Can writers do justice to something they've never experienced? Is it possible to "imagine" the complex feelings that swirl around parents of a child with severe intellectual and physical disabilities? No, I don't believe it is. Some things need to be lived.

Parents of children with severe disabilities are full of ambiguity—they see-saw between joy and grief, contentment and wishing things were different, exhileration with their child's presence and angst with her inability to meet cultural expectations. Their love is messy and intense. But as with any parent-child relationship, the child is the parent's world.

So when the father in Poppyseed refers to his daughter in second reference as "our mute and immobile kin" and "our stunted eight-year-old," it doesn't ring true.

Not because in a dark moment a father might not use this language, but because one would expect his everyday narration to be marked with affection.

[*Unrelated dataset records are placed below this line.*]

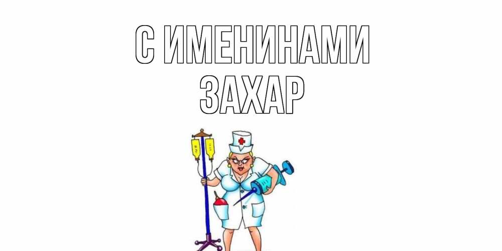Открытка С именинами Захар. медсестра со шприцем. медсестра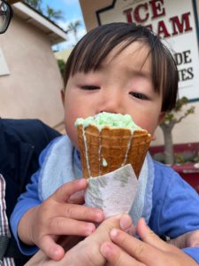 一歳がうんこしてたので、青空の下でおむつ交換。トイレ待ちはちょっと勿体ない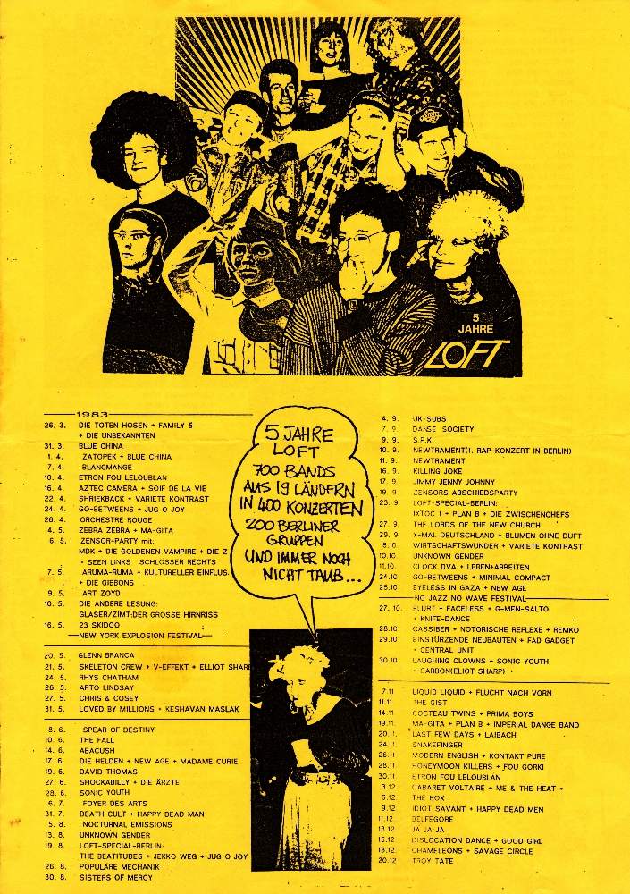 Note 2: SO36, a former cinema, turned into a Penny discount super market in 1967, opened as a music venue on 11-Aug-78 by new owners Achim Schächtele, Klaus-Dieter Brennecke and Andreas Rohè. By Jan-79 artist Martin Kippenberger took over Brennecke's share. All three sold the place in summer of '79 to Hilal Kurutan (from Turkish origin), who reopened it as Merhaba ("Good day" in Turkish) SO36 in Nov-79, booking concerts together with Michael Schäumer, Michael Voigt (Monogam Records/People's Records) and Burkhardt Seiler (Zensor records) as well as organising Turkish events, until end of Mar-83, when building regulations forced Hilal to shut the venue down. It was sold/reopened/refurbished several times throughout the next decades and is still active to this day. (More reading in the brilliant "SO36 – 1978 bis heute" bi-lingual book, Ventil Verlag, 2016).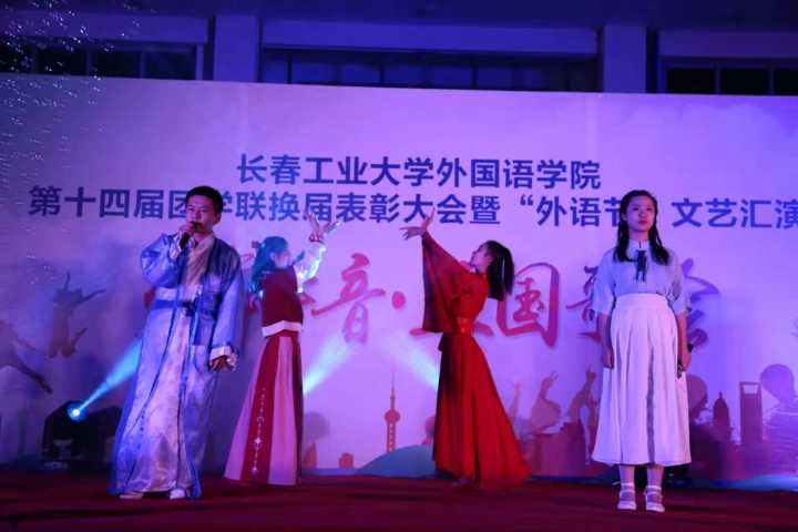 五位主持人身穿各具特色的服装,分别用中文、英文、日语、俄语和韩语主持本场晚会,尽显了威廉体育williamhill的语言特色。开幕式节目异彩纷呈,不仅有胡宇航等同学演唱的《大鱼》深情婉转、像潺潺流水般浅吟低唱,独具风韵。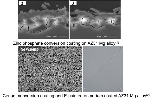 Hình 4. Lớp phủ hoá học kẽm phosphate hoặc cerium+ sơn trên bề mặt Mg AZ31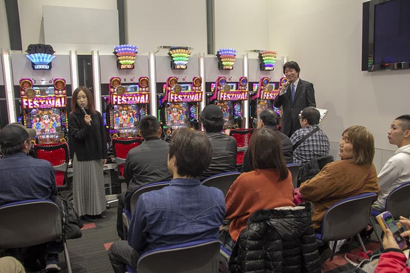 11月30日の16時からは、札幌、東京、大阪、福岡の4会場でファンミーティングを開催。東京会場には事前応制で当選した24人がイベントに参加し、パチンコ必勝ガイドの人気ライター、かおりっきぃ☆さんと、KYORAKU広報の長谷川祐也さんが新機種の指南役を務めた。

Ausebel's story then wades into an ethical minefield when the parents, seemingly on the advice of one doctor (do parents of children with severe disabilities EVER do anything on the advice of one person, medical or otherwise?), choose aggressive medical treatments to keep their daughter forever small, in keeping with the way they view her mind.

Many of you are familiar with this intervention—dubbed The Ashley Treatment—after a nine-year-old girl with severe developmental disabilities at Seattle Children's Hospital was given high estrogen doses to hasten closure of her bones' growth plates and had her uterus and breast buds surgically removed.

Last year The Guardian reported on the first boy to undergo an equivalent procedure.

I won't describe the parents' bizarre (some would say savage) reaction to the fictional Poppy's surgery (which involves leaving the hospital again, while their daughter is being sewn up).

I was so disappointed when I thought of all of the people who will read this story—most having no connection to someone with severe developmental disabilities.

In an interview with The New Yorker about the book's theme of parenthood Ausebel says: "...it kept feeling like the only way to represent just how strange the (very real) experience must be was to push the stories into the fantastical. Those exaggerated elements added more of what was already true, allowing me to see the experience better, like magnification."

I don't think Poppyseed has conveyed the depth of love (however challenging) that exists between a parent and a child who will never achieve conventional milestones, a child who will remain largely invisible and unknown to the outside world.

You'll have to let me know your thoughts.